> **THE PROBLEM**: Starting at the top of the listing, extract every line up to and including the one with "Nueva bufanda pequeña". Pictures stay out of the copy.
=== SUPPLIED RECORDS ===
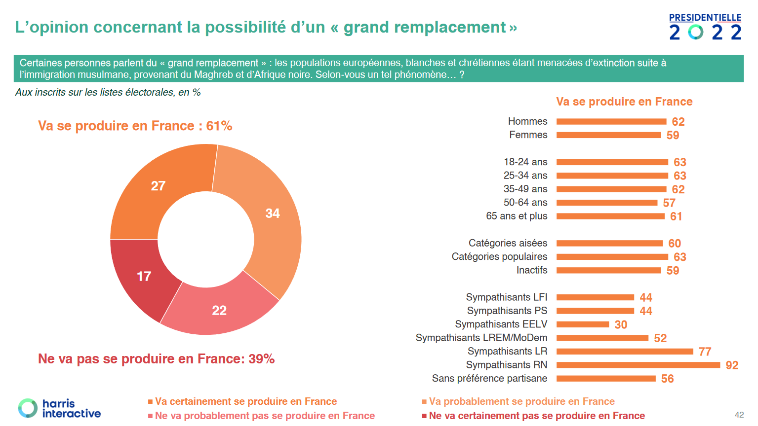 Autre illustration saisissante : le sondage sur la réalité du Grand Remplacement et sur la perception de ce phénomène.
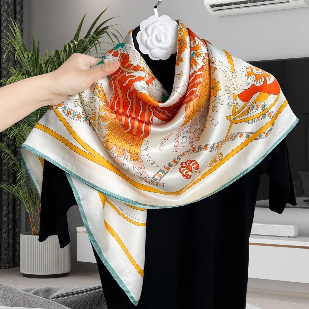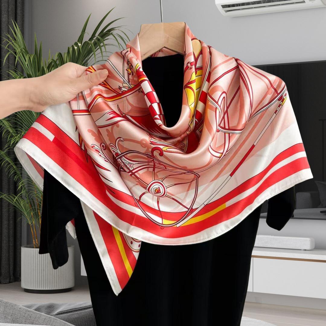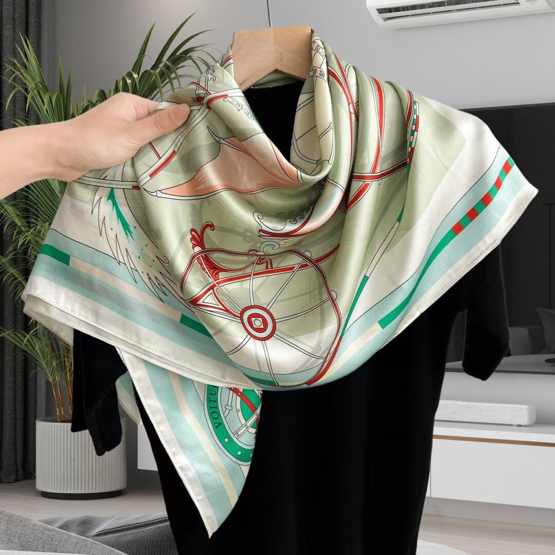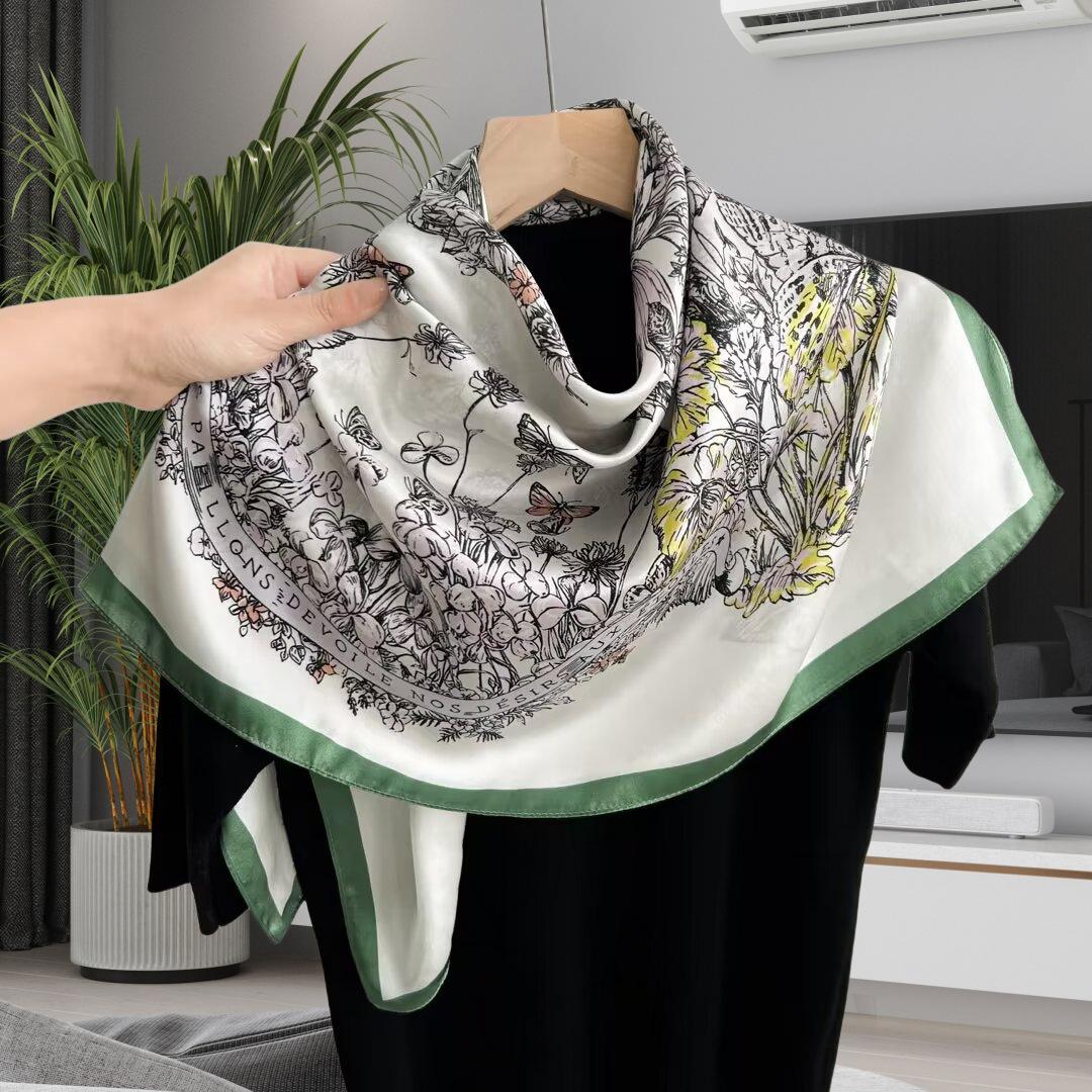 Nueva bufanda pequeña de seda con bisel de imitación de seda, cinta de impresión digital, banda para el cabello de sarga de seda para mujer, bufanda de recuerdo, tendencia versátil
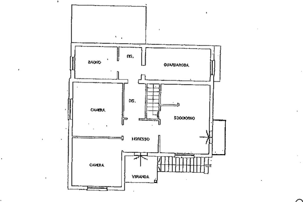Attraverso una scala interna si accede poi al piano superiore dove la distribuzione degli spazi è speculare tra i due piani e rende particolarmente semplice la suddivisione in due unità.
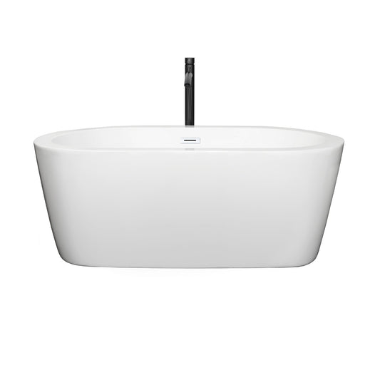Wyndham Collection Mermaid 60" Freestanding Bathtub in White With Matte Black Drain and Overflow Trim
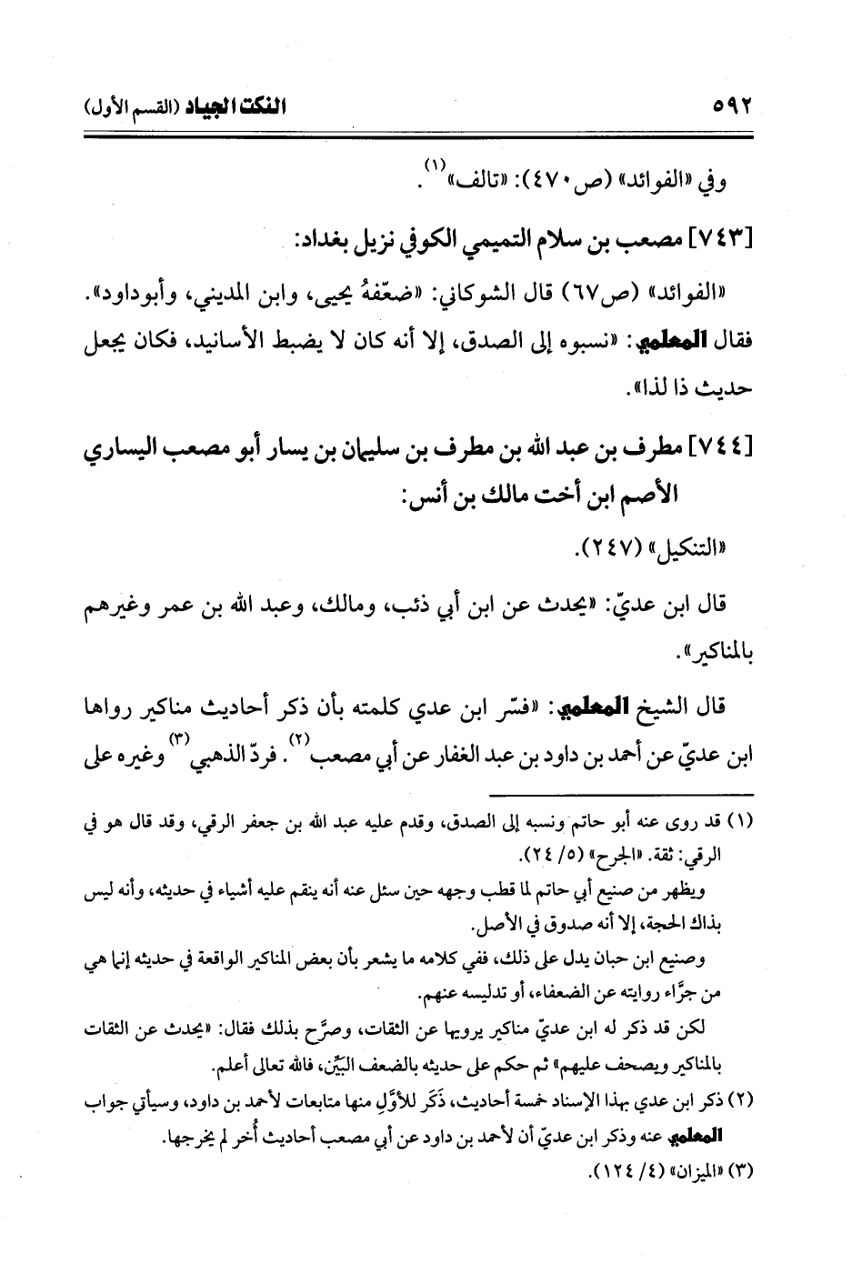 قال الشيخ المعلمي: "فسّر ابن عدي كلمته بان ذكر أحاديث مناكير رواها ابن عديّ عن أحمد بن داود بن عبد الغفار عن أبي مصعب (¬2). فردّ الذهبي (¬3) وغيره على
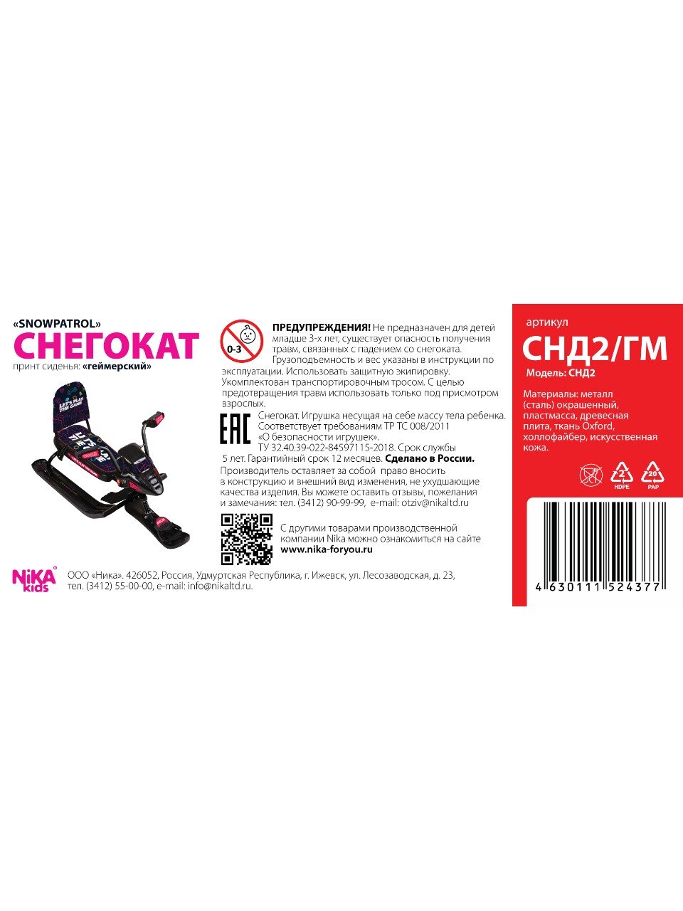 Снегокат Nika, Snowpatrol, СНД2/ГМ, 47 см, черный каркас, велоруль, буксировочный трос, геймерский
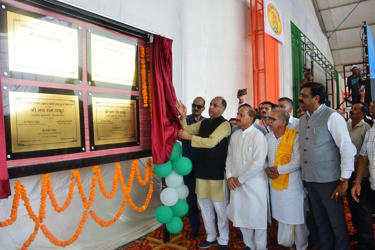 मुख्यमंत्री ने ज्वाली विधानसभा क्षेत्र के लिए लगभग 9.11 करोड़ रुपये लागत की चार विकासात्मक परियोजनाओं के लोकार्पण किए। जिसमें हरनोटा बनोली रोड को जोड़ने के लिए नारियल पनोला से गांव चचियां तक लिंक रोड पर बनोली खड्ड पर 2.52 करोड़ रुपये लागत से निर्मित पुल, बनोली से चचियां सड़क मार्ग पर बनोली खड्ड पर 1.14 करोड़ रुपये की लागत से निर्मित पुल, हरनोटा बनोली से चचियां मस्तगढ़ जौंटा रोड पर बुहाल खड्ड पर 2.75 करोड़ रुपये की लागत से निर्मित पुल और ग्राम पंचायत हार के खब्बल में 2.70 करोड़ रुपये लागत से निर्मित गौ अभयारण्य शामिल है।
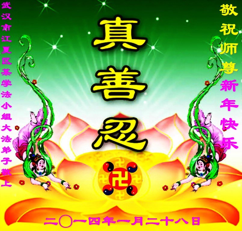 师尊您辛苦了!弟子们非常想念您,感谢师尊的救度之恩。 湖北武汉一大法弟子恭祝慈悲伟大的师父新年快乐!
===
> **ANSWER FOR THE TASK**:
 Autre illustration saisissante : le sondage sur la réalité du Grand Remplacement et sur la perception de ce phénomène.
 Nueva bufanda pequeña de seda con bisel de imitación de seda, cinta de impresión digital, banda para el cabello de sarga de seda para mujer, bufanda de recuerdo, tendencia versátil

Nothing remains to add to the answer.